Veronica Gajownik

Personal information
- Nationality: American
- Born: August 4, 1993 (age 32) Winter Park, Florida, U.S.
- Height: 5 ft 7 in (170 cm)

Sport
- College team: Indian River CC Pioneers South Florida Bulls

Medal record
Women's baseball
Representing United States
Pan American Games
| Gold medal – first place | 2015 Toronto | Team competition |

= Veronica Gajownik =

American softball and baseball player

Veronica Rose Gajownik, also known as Ronnie Gajownik (born August 4, 1993) is a former American softball and baseball player, and an American baseball coach and manager.
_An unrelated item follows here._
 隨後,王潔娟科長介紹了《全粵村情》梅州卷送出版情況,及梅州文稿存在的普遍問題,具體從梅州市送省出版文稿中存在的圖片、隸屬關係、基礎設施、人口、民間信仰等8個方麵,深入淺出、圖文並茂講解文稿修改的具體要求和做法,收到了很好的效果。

She was a member of the United States women's national baseball team which won a gold medal at the 2015 Pan American Games. In 2023, she was named the Hillsboro Hops’ manager for the 2023 season; this made her the first woman to manage a High-A team, and the first openly LGBTQ manager in minor or major league baseball history.

== Biography ==
Veronica Gajownik was born in Winter Park, Florida, on August 4, 1993. She is the daughter of Marcel Gajownik and Glenn Richards, a chief meteorologist for WOFL. Veronica was introduced to baseball by her father and started to play baseball with boys in Oviedo recreation leagues.

Gajownik started playing softball when she attended Paul J. Hagerty High School in Oviedo, Florida. She played for the Hagerty Huskies and has a .531 batting average as a junior with a .694 on-base percentage. She also competed in summer competitions for Team North Florida, the Tampa Mustangs and Team Florida.
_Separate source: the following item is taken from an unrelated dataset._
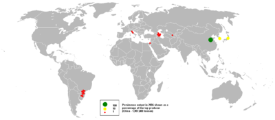 يوضح الجدول التالي إنتاج الكاكي في العالم حسب احصائيات الفاو.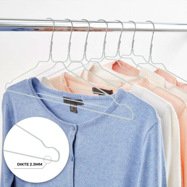 Met deze 50 stuks wit kledinghangers breng je orde in jouw kledingkast. Door het extra dunne model van 2,3mm nemen de wit kledinghangers weinig ruimte in jouw dressoir. Ondanks de dikte zijn deze kledinghangers stevig genoeg om een winterjas mee op te hangen.

Gajownik attended Indian River State College in 2013 and University of South Florida during 2014–2015 where she played softball for the South Florida Bulls.

Gajownik joined the Arizona Diamondbacks organization as a video assistant with the Hillsboro Hops, their High-A affiliate, in 2021. In 2022, Gajownik served as a coach for the Amarillo Sod Poodles of the Double-A Texas League and for the Salt River Rafters of the Arizona Fall League. In 2023 she was named Hillsboro's manager for the 2023 season; this made her the first woman to manage a High-A team, and the first openly LGBTQ manager in minor or major league baseball history. She is married to a woman. In 2024, she became the bench coach for Amarillo. In 2026, she was named bench coach of the ACL D-backs the Arizona Diamondbacks rookie-level affiliate.